Daily archives: March 23, 2007


British Marines Captured By Iranians

The capture of British Marines by Iran has happened before, then on the Shatt-al-Arab waterway. It will doubtless be used by those seeking to bang the war drum against Iran, though I imagine it will be fairly quickly resolved.

Before people get too carried away, the following is worth bearing in mind. I write as a former Head of the Maritime Section of the Foreign and Commonwealth Office.

The Iranians claimed the British soldiers had strayed into Iranian territorial waters. If they had, then the Iranians had every right to detain them for questioning.

The difficulty is that the maritime delimitation in the North West of the Persian Gulf, between Iraq, Kuwait and Iran, has never been resolved. It is not therefore a question of just checking your GPS to see where you are. This is a perfectly legitimate dispute, in which nobody is particularly at fault. Lateral maritime boundaries from a coastal border point are intensely complicated things, especially where islands and coastal banks become a factor.

Disputes are not unusual. I was personally heavily involved in negotiating British maritime boundaries with Ireland, France and Denmark just ten years ago, and not all our own boundaries are resolved even now. There is nothing outlandish about Iranian claims, and we have no right in law to be boarding Iranian or other shipping in what may well be Iranian waters.

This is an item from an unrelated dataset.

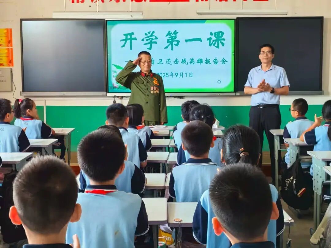为纪念中国人民抗日战争暨世界反法西斯战争胜利80周年,引导全体队员铭记历史、珍爱和平,9月1日开学之际,商河县殷巷镇中心小学孔子学堂特邀在对越自卫反击战中屡立战功的赵胜林老班长,为师生送上一堂意义深远的“开学思政第一课”。

The UN Convention on the Law of The Sea carries a heavy presumption on the right of commercial vessels to “innocent passage”, especially through straits like Hormuz and in both territorial and international waters. You probably won’t read this elsewhere in these jingoistic times but, in international law, we are very probably in the wrong. As long as the Iranians neither mistreat our Marines nor wilfully detain them too long, they have the right.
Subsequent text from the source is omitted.